On my first big development project I created an index on the equivalent of “Processing Date” in DESCENDING order because, well, the most recent ones, which are queried the most, would always be at the front of the line resulting in faster searches, of course. After 3 days performance went in the tank and we had to reindex those tables weekly. I had no idea about how SQL stores and uses indexes back then.

Reply
- Brent Ozar
  June 16, 2020 10:28 am
  
  Marc – that makes sense. I can see how you’d come up with the idea for that index.
  
  Reply
Mike
June 16, 2020 10:21 am

Hmm. I guess it’d be the things people complain about the most or that I have to keep dealing with. One in particular is helping architect an OLTP system that needed lots of historical data, so it half sits on our DW server. The developers hate me for it and the users hate the weird issues due to poor understanding of SCD type 2. 🙂 Good times.

Reply
Joe O'Connor
June 16, 2020 10:53 am

create an index “with drop existing” in a busy database. Held all the transactions for the duration. Two. separate. statements. next. time. (at least I get a next time!)

Reply
Aaron
June 16, 2020 11:04 am

Used a dash in the AG listener name.

Reply
- Tom Uellner
  June 16, 2020 12:30 pm
  
  Aaron – Thanks for posting this. We’re in the process of setting up AG for the first time and this is one more thing to add to my prep list.
  
  Reply
- KEith
  June 18, 2020 11:30 am
  
  At the expert level you got to try doing them with two consecutive dashes. 😛
  
  Reply
  - Lars Rasmussen
    June 22, 2020 9:38 am
    
    What’s the problem with using a dash in a listener name? Yes, I’ve done that/do that. I also use CNAMEs in the connection strings that point to the listener names so the conn strings don’t ever have to be changed, just repointed to a new listener the next time you upgrade SQL Server.
    
    Reply
Edgar Cayce
June 16, 2020 11:15 am

So, startup company asks me to spec out a plan for their new website/system. They then have it built by offshore devs. Later they bring me in as CTO to run things and support this system. The devs decided that it would be more “secure” if every client company was provisioned their own SQL database, with identical copies of all of the tables. Whole site was built around this idea.
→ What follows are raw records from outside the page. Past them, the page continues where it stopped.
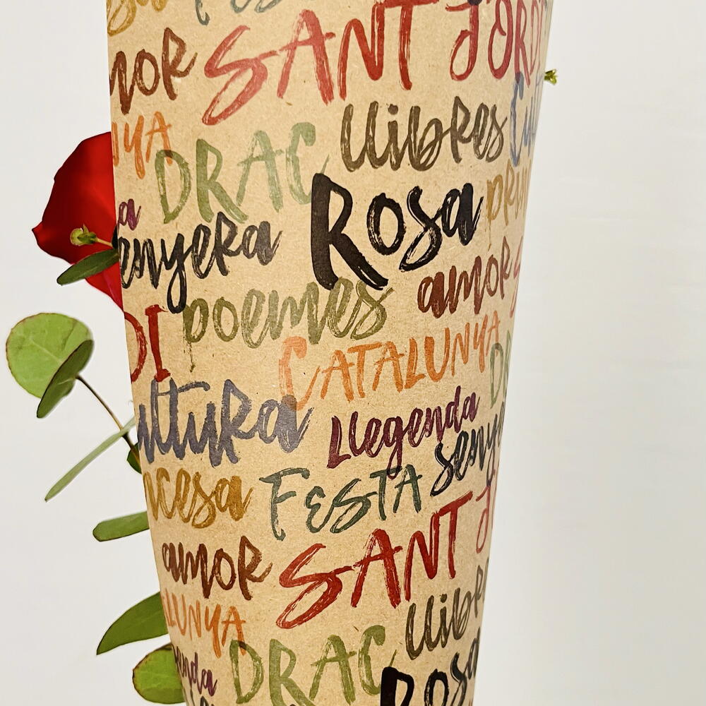 Composición rosa de Sant Jordi en bonito envoltorio de kraft water resistant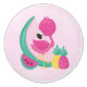 Keramisk dörrknapp med en söt illustration av en rosa flamingo med några vattenmeloner och ananas. Systemet för rosa och grönt färg. Summery och tropisk. Bakgrunden är en ljus rosa vattenfärgsbild.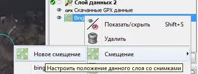 Нажмите правую кнопку на слое снимков («Bing Sat» в нашем случае) и выберите «Новое смещение».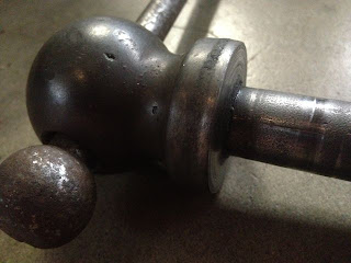 The plating on the handle is mostly gone, there's a little pitting but otherwise good. The handle is completely straight, unusual on a vise... and a good sign it hasn't been abused. There's some remaining grime shown here that I subsequently cleaned up.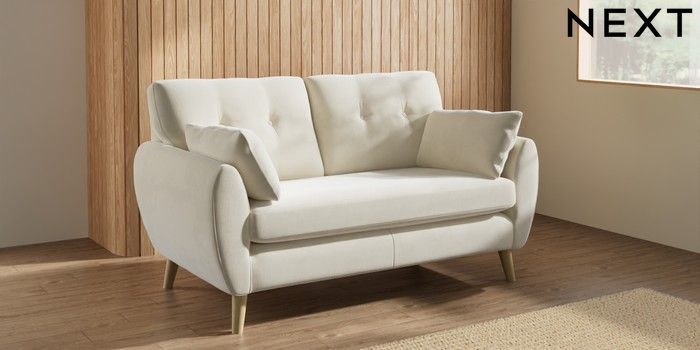 7.3.8 Buy Wilson Buttoned Back 2 Seater Sofa Luxe Chenille Oyster Retro Tapered - Light from the Next UK online shop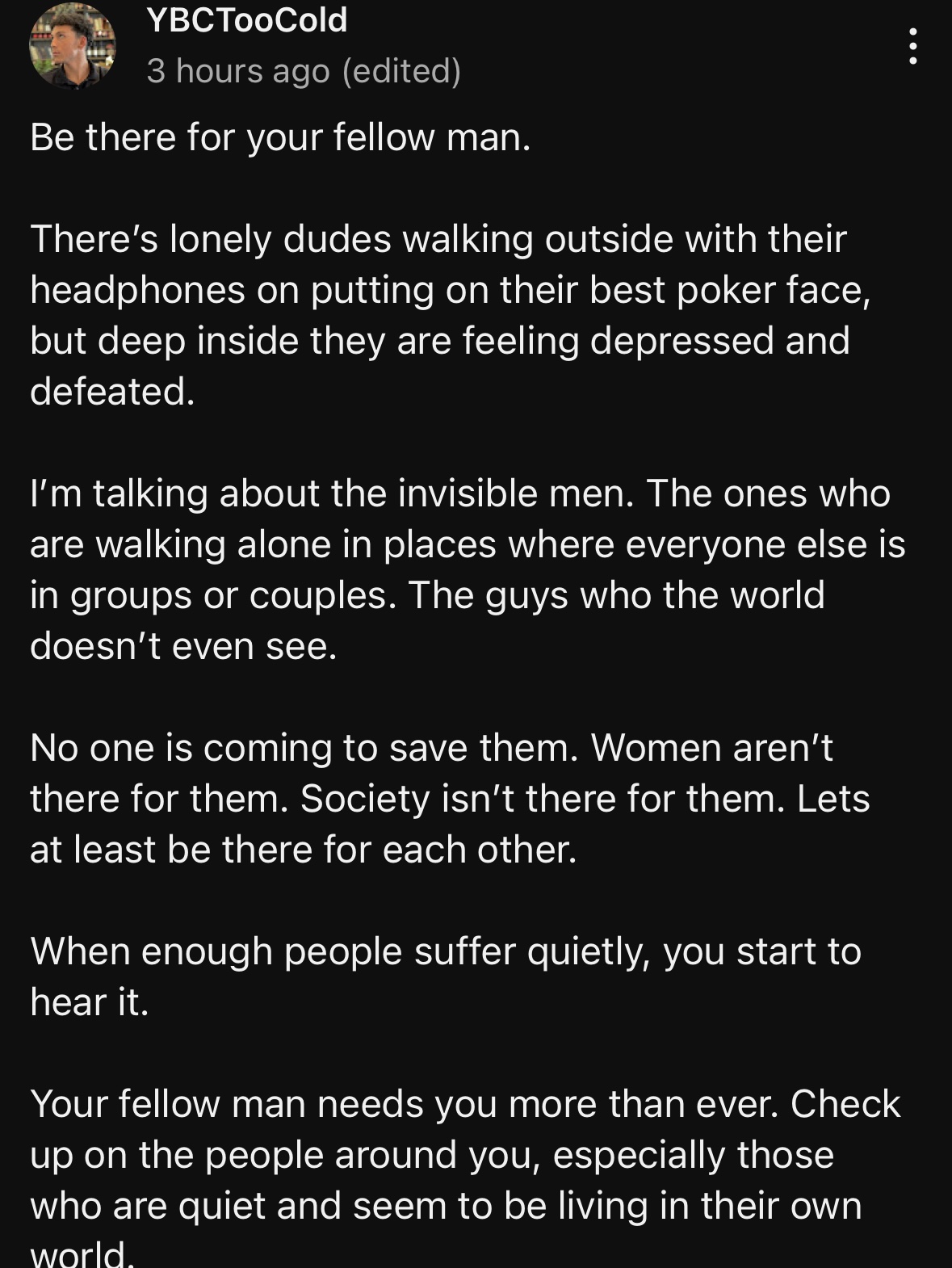 I dont really care whether some random lonely normie will rope out of depression.

With 5, 10 clients, it was not a big deal but once it got over 100, it started to be a big mess and my mistake was putting off the code changes required to merge it all into one DB.

We finally did it when it was 250 clients, and it was a big deal because by then so much code had been built around this!

Reply
- Gary Smith
  June 18, 2020 8:06 am
  
  I’ve been a DBA for about 4 years now for one company, and never did anything database before working here (spent a few years learning SQL as I did regular support calls and then Systems Administration work). The product in question uses SQL as a backend, and each customer does indeed have their own SQL instance. This means that in a group of 5 DBA’s (initially 3 when I moved to the role) we are maintaining around FOUR THOUSAND SQL instances. Once at a SQL Saturday the speaker had us keep our hands up as she went through more and more instances, and eventually gave up and asked us how many. At lunch later, someone approached me and asked how we manage that many. I explained that for us it wasn’t individually managing that many so much as keeping the software that it runs down to about 8 different versions that all work the same way.
  
  We occasionally get “this one site had a power outage and a DB is suspect/corrupt” type calls, but most of our problems are “this query in this software build is slow” or “this task needs to do this one thing, write it into the task.” In that sense, we’re more Database Developers than DBA’s. Fix it, deploy to every site running that build (and product deployment is handled by another group after testing is done by yet a different group). It’s a crazy way to do things, but for me it’s all I’ve known as a DBA. And our call volume is going down over the years because we’re getting in front of the build performance/stability problems, so we must be doing something right. 🙂
  
  Reply
  - Edgar Cayce
    June 18, 2020 11:11 am
    
    Holy moly….
    
    Reply
Blake
June 16, 2020 11:19 am

I keep outdoing myself in terms of “worst” mistakes, so I’ll just go with the one I’m grappling with now, namely the consequences of failing to migrate an early 90s database through successive editions of [ouch!] Microsoft Access. Of course 25+ years later, I find myself in a situation where I need to refer to that old thing. So, where is it? That part of the comedy ended when I blew the dust off an ancient backup drive I found lurking in the back of a cupboard (whew!). I was feeling pretty smug until I tried to load the thing and Access 2016 puked on it. Happily (no, make that sadly) I had saved some documentation with the old database file. Reading that documentation told me that in order to load the old database file all I need to do is build a VM and install Windows 3.1, which I of course no longer have. And even if I did have Windows 3.1, I’d need a DOS OS to run it on, which I of course no longer have. And even if I did have Windows 3.1 and a DOS OS, I’d need MS Access 2.0 to load the old database. Or I could maybe convert the thing by running it through successive versions of Access 97, Access 2003, Access 2010, etc. but you guessed it, I no longer have those either. There are a couple of morals here: (1) don’t just backup your databases–convert them if necessary as new versions of your DBMS come along; and (2) I am no longer laughing at my pack-rat friends who have basements full of old computers, floppy disc collections of software, ancient manuals, etc. etc.

Reply
- Alan Bird
  June 16, 2020 1:13 pm
  
  I feel your pain, just did that yesterday. Lucky, I had folders of the software CD/Floppies. But, unlucky no license codes saved with them.
  
  Reply
Alin Selicean
June 16, 2020 11:30 am

Ran multiple DBCC SHRINKFILE on different FGs until I hit a point when files were from the same FG. At that point… well, all hell broke loose… Never again.

Reply
GSquared
June 16, 2020 11:44 am

I needed to replace an index on a large table. So I ran:

DROP INDEX NCI_blah ON TABLE dbo.blahblah
GO
CREATE INDEX NCI_blah_v2 ON TABLE dbo.blahblah (…)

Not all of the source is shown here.